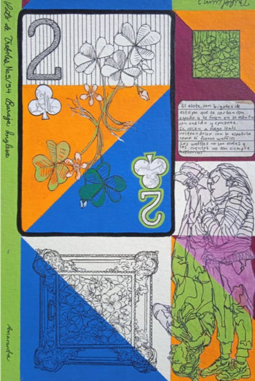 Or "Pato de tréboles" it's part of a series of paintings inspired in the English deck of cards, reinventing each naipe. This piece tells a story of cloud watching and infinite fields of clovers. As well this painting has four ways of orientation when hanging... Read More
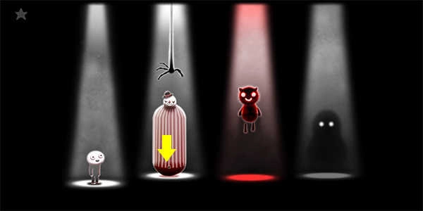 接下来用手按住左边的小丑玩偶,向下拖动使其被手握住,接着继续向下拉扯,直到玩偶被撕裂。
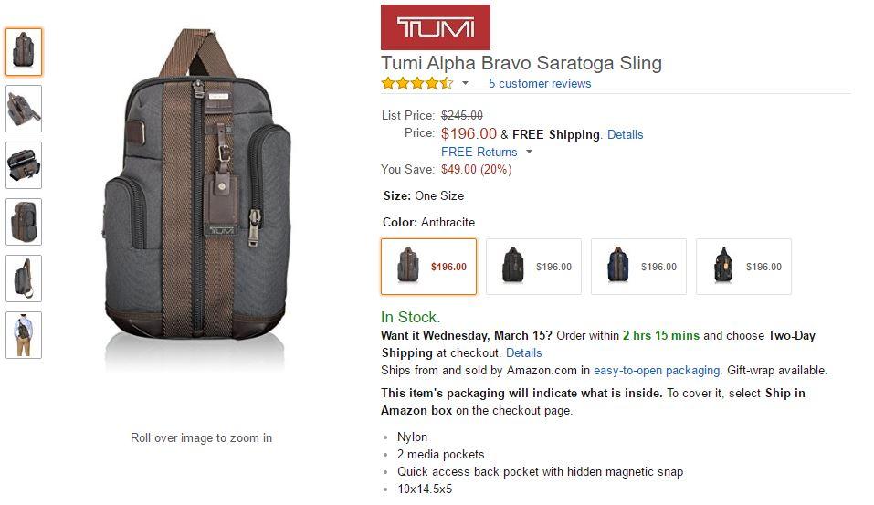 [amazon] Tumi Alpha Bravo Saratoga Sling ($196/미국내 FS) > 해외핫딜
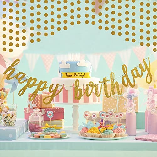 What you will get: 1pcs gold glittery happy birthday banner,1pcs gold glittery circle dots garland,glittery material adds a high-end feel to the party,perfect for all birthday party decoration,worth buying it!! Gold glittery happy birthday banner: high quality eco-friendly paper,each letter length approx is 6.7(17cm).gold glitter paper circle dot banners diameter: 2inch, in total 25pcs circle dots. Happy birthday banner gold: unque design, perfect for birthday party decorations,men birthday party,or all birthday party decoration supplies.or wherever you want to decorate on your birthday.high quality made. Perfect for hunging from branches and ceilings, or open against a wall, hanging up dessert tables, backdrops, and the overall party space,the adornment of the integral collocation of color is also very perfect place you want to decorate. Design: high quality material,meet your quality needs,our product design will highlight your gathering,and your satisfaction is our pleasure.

▸ Problem to work on
When you copy the data above, reproduce each line exactly and skip every image.

▸ Result
 Or "Pato de tréboles" it's part of a series of paintings inspired in the English deck of cards, reinventing each naipe. This piece tells a story of cloud watching and infinite fields of clovers. As well this painting has four ways of orientation when hanging... Read More
 接下来用手按住左边的小丑玩偶,向下拖动使其被手握住,接着继续向下拉扯,直到玩偶被撕裂。
 [amazon] Tumi Alpha Bravo Saratoga Sling ($196/미국내 FS) > 해외핫딜
 What you will get: 1pcs gold glittery happy birthday banner,1pcs gold glittery circle dots garland,glittery material adds a high-end feel to the party,perfect for all birthday party decoration,worth buying it!! Gold glittery happy birthday banner: high quality eco-friendly paper,each letter length approx is 6.7(17cm).gold glitter paper circle dot banners diameter: 2inch, in total 25pcs circle dots. Happy birthday banner gold: unque design, perfect for birthday party decorations,men birthday party,or all birthday party decoration supplies.or wherever you want to decorate on your birthday.high quality made. Perfect for hunging from branches and ceilings, or open against a wall, hanging up dessert tables, backdrops, and the overall party space,the adornment of the integral collocation of color is also very perfect place you want to decorate. Design: high quality material,meet your quality needs,our product design will highlight your gathering,and your satisfaction is our pleasure.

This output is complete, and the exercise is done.